In this release, fuzzy thresholds are found with only a slight additional computational cost, and this option is highly recommended for applications with important continuous attributes.
- Small changes to trees and rulesets
-
The trees and rulesets constructed by Release 2.09 can vary
slightly from those produced by the previous release. This is because
ties are resolved differently, for example when two classes have
equal representation at a leaf.
These small changes can be amplified with
boosting.
- Bug fixes
-
Several minor bugs have been corrected:
-
For Windows, See5 did not always use up to the maximum of eight
processors when available. This fault did not affect the console
version See5X.
-
Attribute usage statistics could be reported incorrectly for
large applications with more than 2M cases.
- Soft thresholds are not useful when rulesets are generated. They are now automatically disabled if the rulesets option is used.
-
For Windows, See5 did not always use up to the maximum of eight
processors when available. This fault did not affect the console
version See5X.
Release 2.08
- Differential misclassification costs
-
See5/C5.0's handling of
misclassification costs
has been revised, particularly when the application
has more than two classes. Decision trees are pruned more carefully,
and the confidence of predictions is now calculated differently.
- Faster rulesets
-
Rulesets are now generated more quickly, especially for large applications.
For example,
the time to generate a ruleset for one dataset with 750,000 cases
was reduced by more than 10%.
- Bug fix: pruning
- A minor bug that could affect pruning of decision trees has been corrected. The problem could arise in applications with many attributes and a large number of missing values. (This bug only trivially affected the output of See5/C5.0 and had no noticeable impact on the trees' predictive accuracy.)
Release 2.07
- 64-bit Windows support
-
This release includes 64-bit versions of See5 and See5X (the batch
executable). These versions allow the use of more than 2GB of
memory, as required by some extremely large data mining tasks.
The 32-bit release of See5 will run under either 32-bit or 64-bit Windows, so there is no need to change unless your tasks may use more than 2GB of memory. The 64-bit version of See5 will run only under 64-bit Windows 8/10/11.
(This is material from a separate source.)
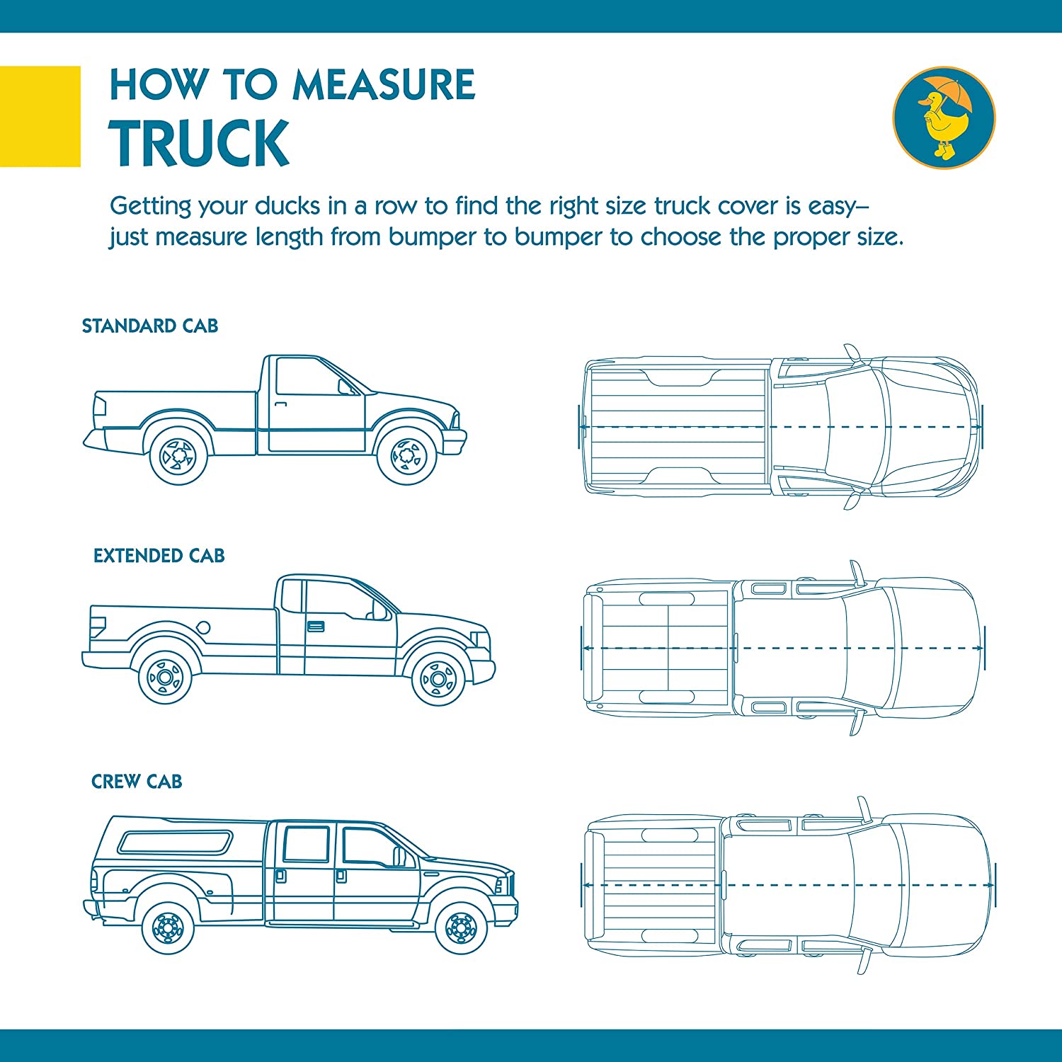 • TRUCK COVER TO PROTECT AGAINST ALL ELEMENTS: Duck Covers Weather Defender semi-custom covers feature ultrasonically welded seams to improve water resistance while protecting against dust, dirt, pollution, bird droppings, tree sap and UV fading

The network version of See5 includes both 32-bit and 64-bit versions for installation on client PCs. A client PC running 64-bit Windows 8/10/11 can install and use the 64-bit version, even if the server runs 32-bit Windows.
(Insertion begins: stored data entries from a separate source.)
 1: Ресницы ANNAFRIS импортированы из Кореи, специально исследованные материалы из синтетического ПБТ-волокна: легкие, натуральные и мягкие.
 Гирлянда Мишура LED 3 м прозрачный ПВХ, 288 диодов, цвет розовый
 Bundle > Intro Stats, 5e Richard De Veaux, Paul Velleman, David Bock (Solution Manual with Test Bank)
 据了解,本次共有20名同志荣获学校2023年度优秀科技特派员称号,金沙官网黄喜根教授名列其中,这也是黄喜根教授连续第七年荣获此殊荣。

Linux C5.0 continues to be available in both 32-bit and 64-bit versions.
- Enhanced multi-threading
-
Additional sections of See5/C5.0 have been multi-threaded.
This can result in speed improvements when the application has many
discrete attributes, especially with the discrete value subset option.
- Confidence of ruleset predictions
-
Calculation of the confidence of a ruleset prediction has been altered
so that it more accurately reflects the ruleset's performance on
unseen data. Previous releases often showed low confidence for
ruleset predictions even when those predictions were quite accurate.
This affects the output from the public code to read and interpret See5/C5.0 ruleset classifiers, and also impacts results with boosted rulesets.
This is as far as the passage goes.